Źródło:Stowarzyszenie Redzka Kupa Wstydu Źródło:Stowarzyszenie Redzka Kupa Wstydu Źródło:Stowarzyszenie Redzka Kupa Wstydu

Na ul. Młyńską zadysponowano pojazd z drabiną hydrauliczną z JRG w Rumi oraz strażaków z OSP Reda, co miało oburzyć mieszkańców tamtejszego osiedla.

Zwróciliśmy się do st. kpt Mirosława Kurasia, oficera prasowego z pytaniem czy w tej sytuacji na miejsce zdarzenia pojechało zbyt dużo sił.

Nie rozumiem w czym jest problem. Na miejsce zadysponowano jednostkę z drabiną hydrauliczną i dwoma strażakami oraz najbliższą jednostkę OSP, która zabezpieczała całą akcję. Trzeba zwrócić uwagę, że były to działania na wysokości, co narzuca pewne standardy bezpieczeństwa.
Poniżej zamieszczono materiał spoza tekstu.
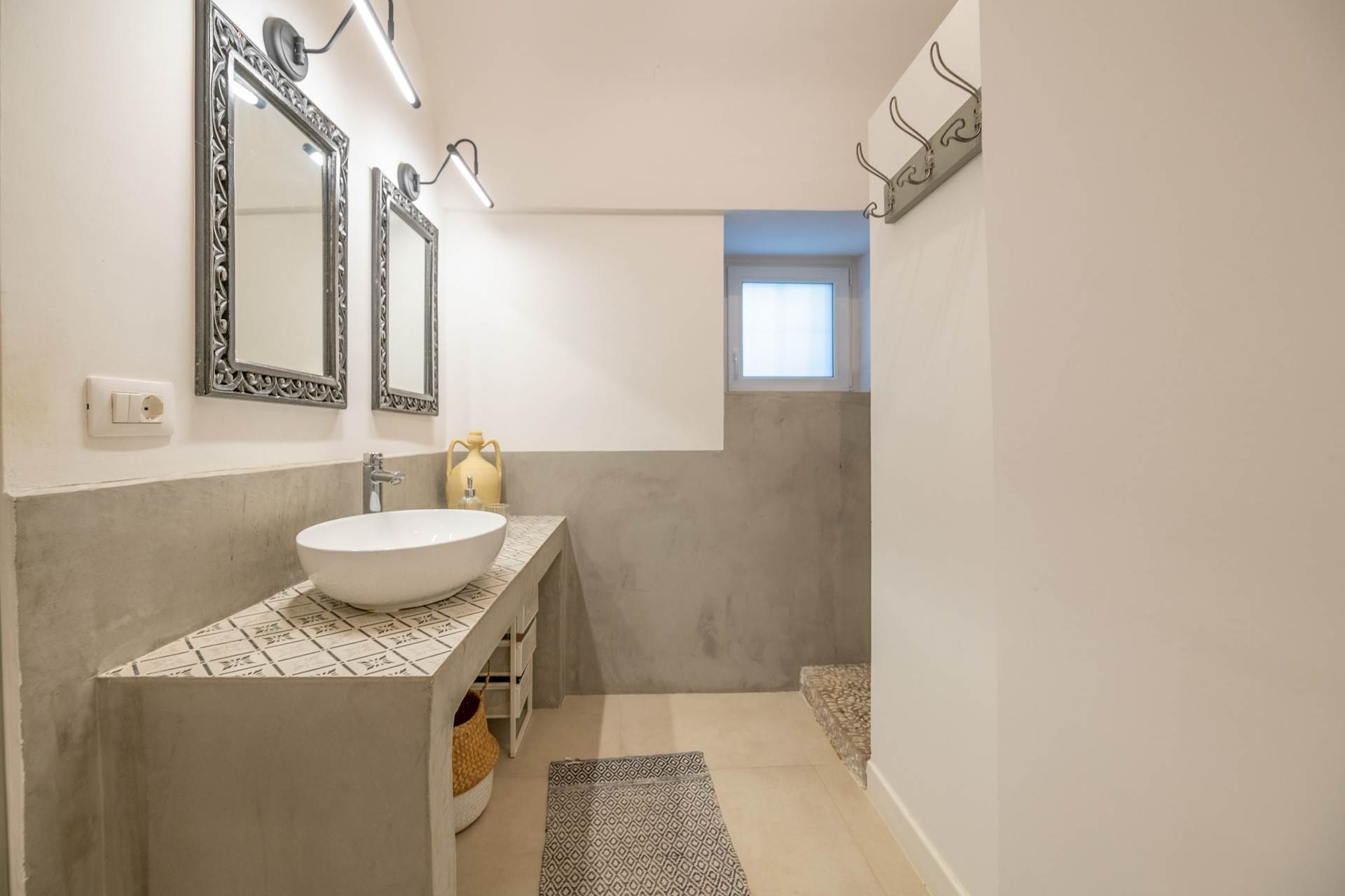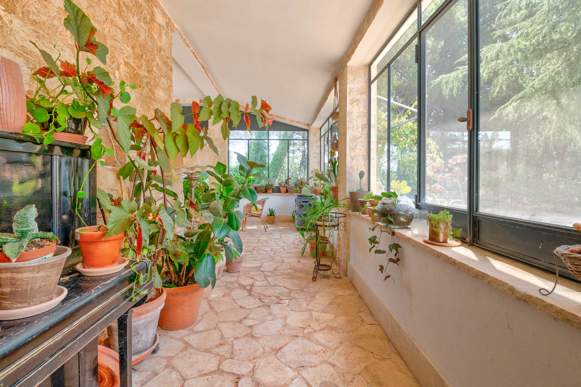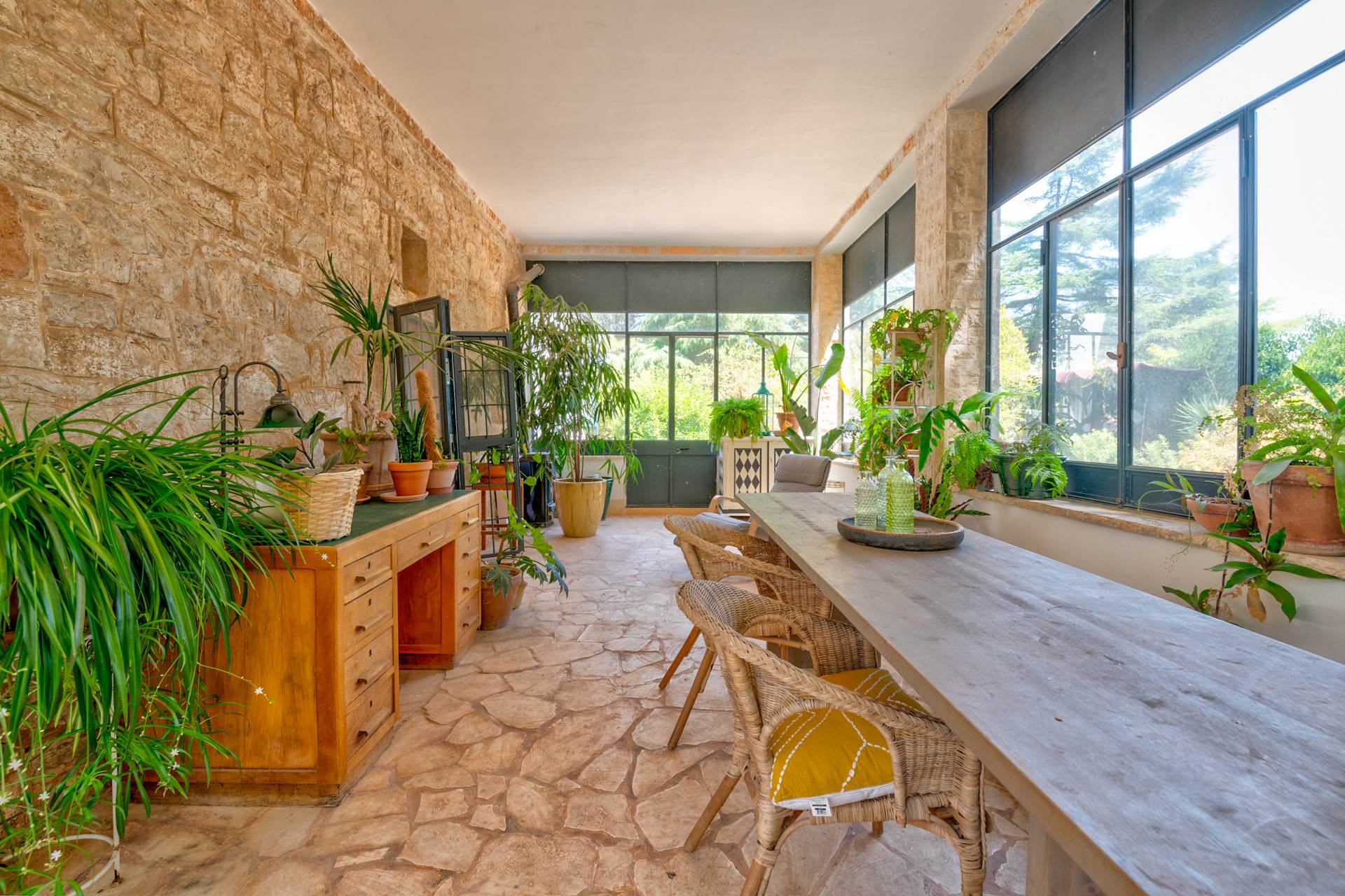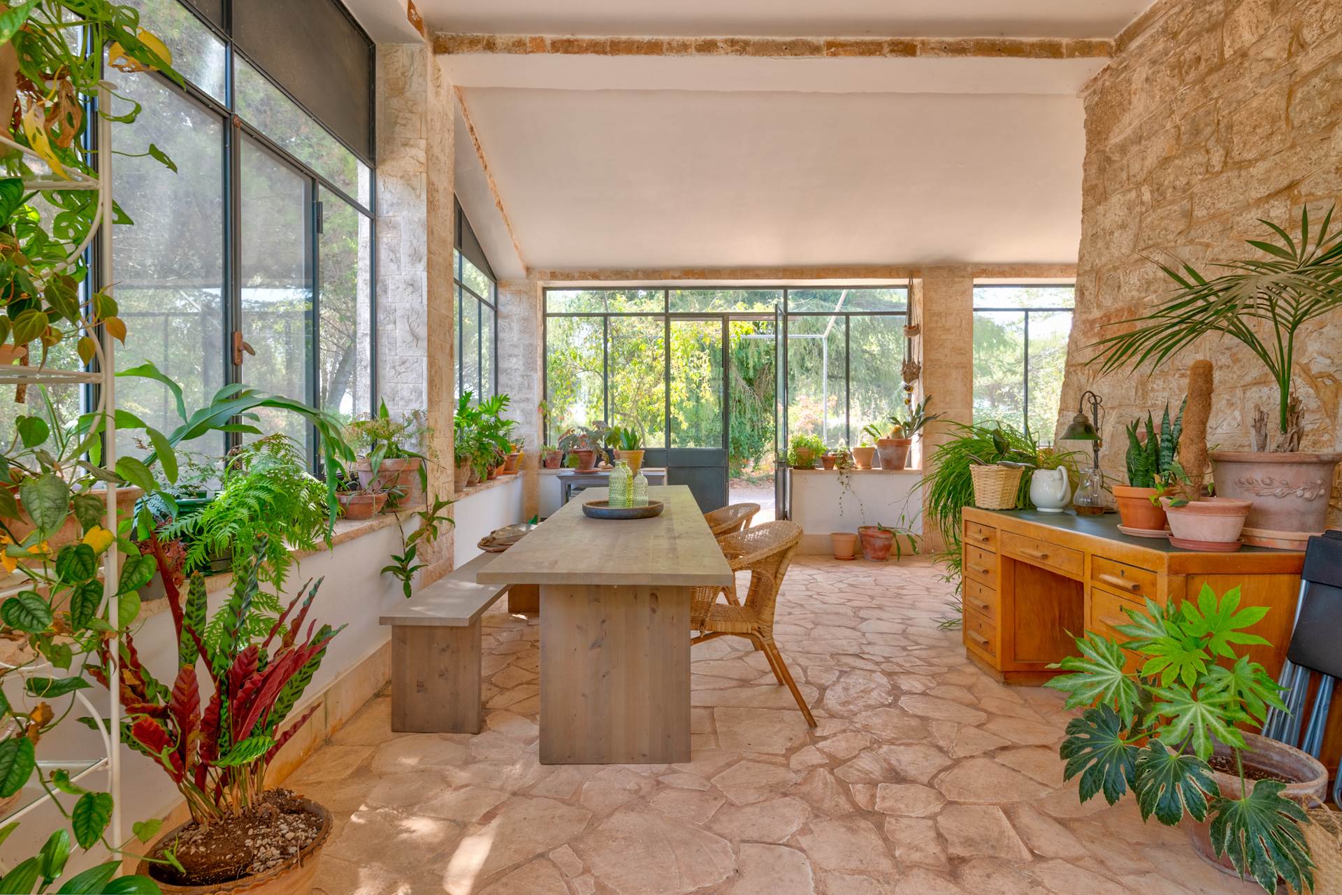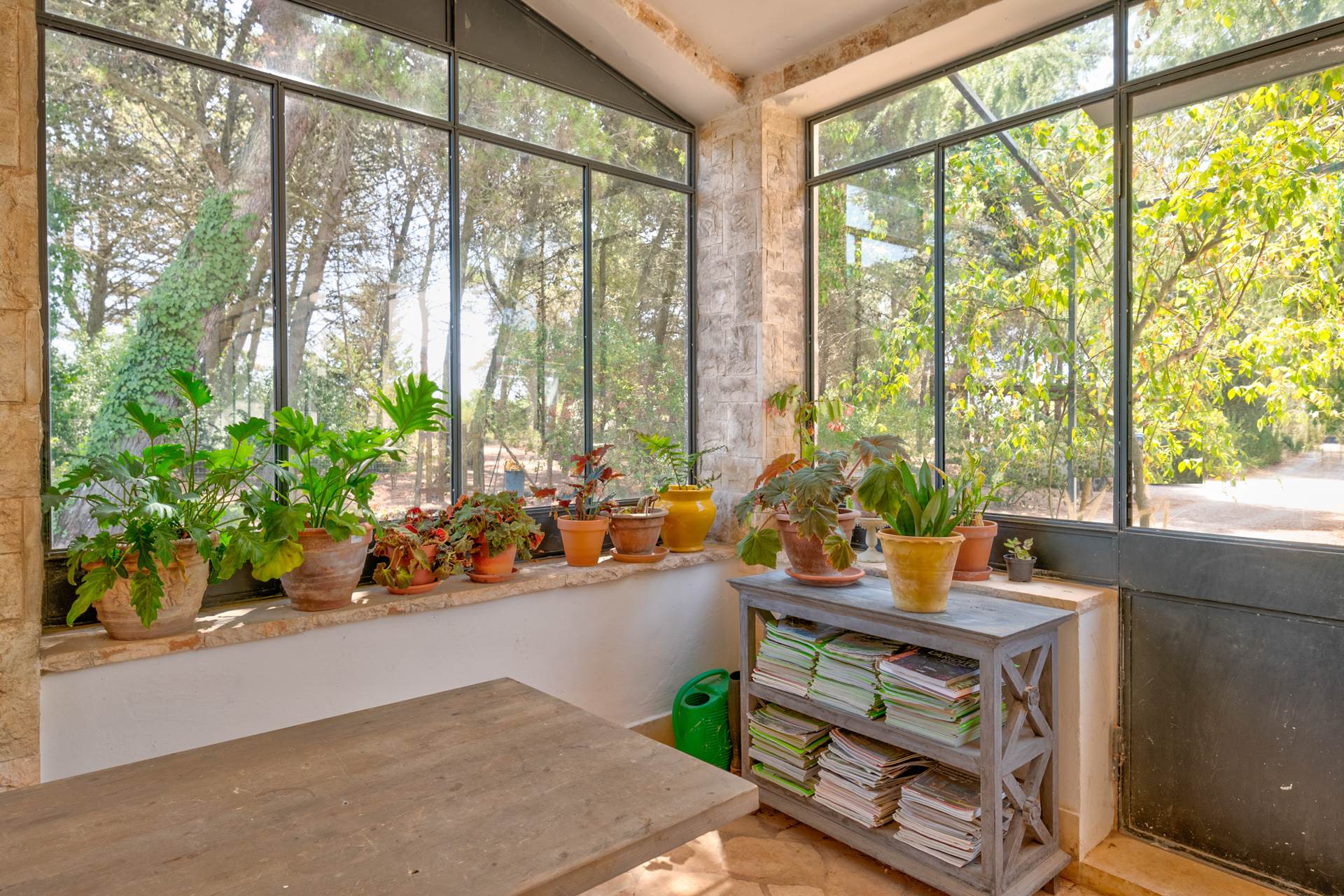 L’edificio è un antico casolare in pietra, splendidamente ristrutturato con materiali di pregio. Ha una superficie di circa 120 mq e ospita un’ampia zona living con camino, una moderna e luminosa cucina, una zona pranzo, due camere da letto, una delle quali con camino, due bagni; uno studio che può essere utilizzato come terza camera da letto. Dalla zona pranzo e dalla camera da letto con camino si accede al meraviglioso portico che ospita un giardino d'inverno.
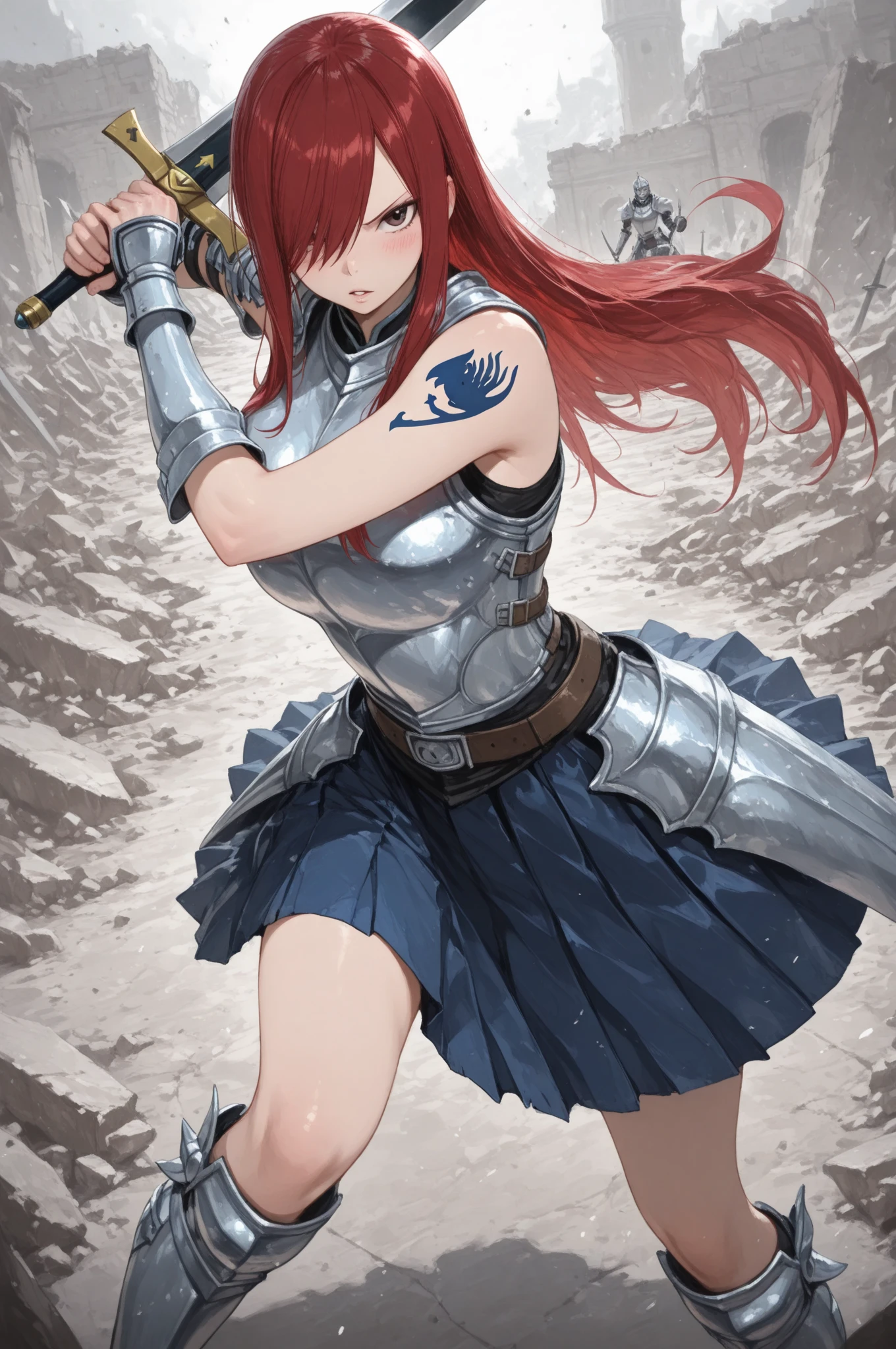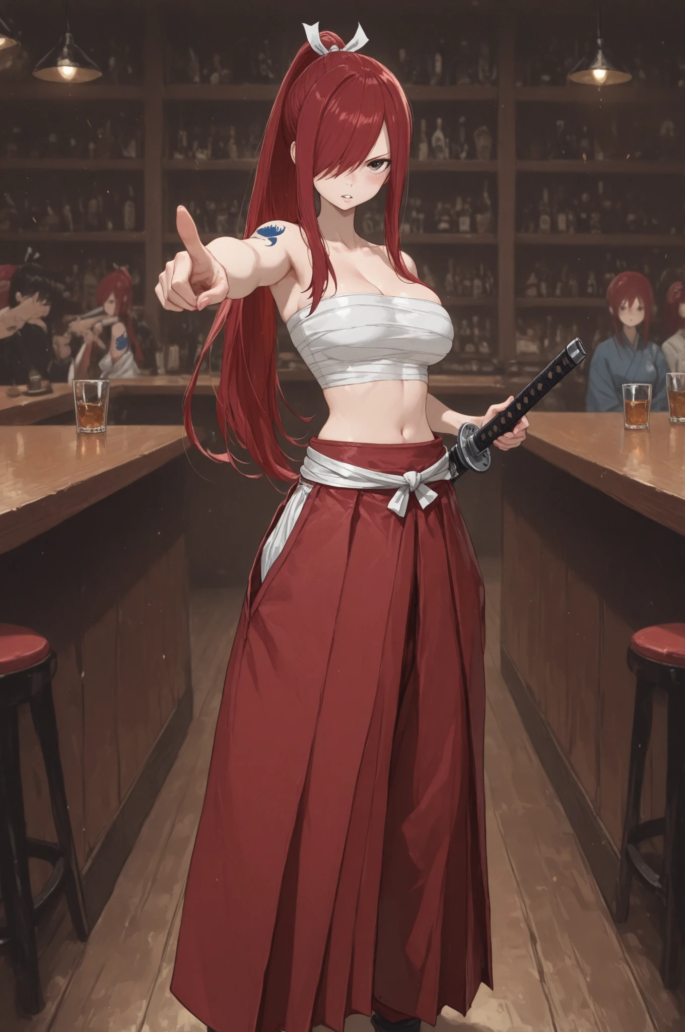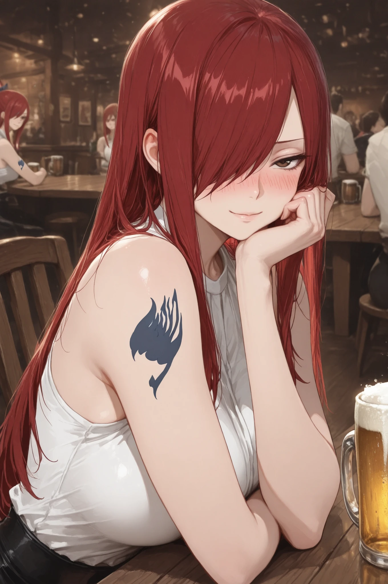 erza_scarlet, long_hair, hair_over_one_eye, red_hair, brown_eyes, arm_tattoo

Nie wyobrażam sobie, by w tej sytuacji, gdy należy dostać się na balkon na czwartym piętrze, podjąć ptaka i ewakuować na ziemię, miałyby tam pojechać dwie osoby - komentuje st. kpt. Mirosław Kuraś.

Jak zaznacza rzecznik straży pożarnej, w tym przypadku nie doszło do żadnego błędu pod względem prowadzenia działań ratowniczych czy zadysponowania służb.

Gdyby właściciele mieszkania byli na miejscu, nie byłoby problemu i jeden zastęp prawdopodobnie spokojnie by sobie poradził. W tej sytuacji mówimy jednak o pracy na wysokości. Na górę musiały udać się dwie osoby, gdzie jedna z nich podejmowała ptaka, a druga asekurowała. Na dole także musiały znajdować się osoby zabezpieczające całą interwencję - mówi st. kpt. Mirosław Kuraś.

Przy udziale jednej jednostki straży pożarnej podjęcie mewy nie byłoby bezpieczne i jak dowiadujemy się, to dyżurny każdorazowo podejmuje decyzję na podstawie zebranych informacji ile zastępów wysłać w dane miejsce.

Wychodzę z założenia, że zawsze lepiej wysłać jeden zastęp więcej niż mniej, bo w tym drugim przypadku mogłoby być za późno na dotarcie wsparcia - dodaje Kuraś.

Warto wspomnieć także, że w sytuacji zagrożenia życia lub zdrowia ludzkiego zastępy zostałyby natychmiast skierowane w odpowiednie miejsce.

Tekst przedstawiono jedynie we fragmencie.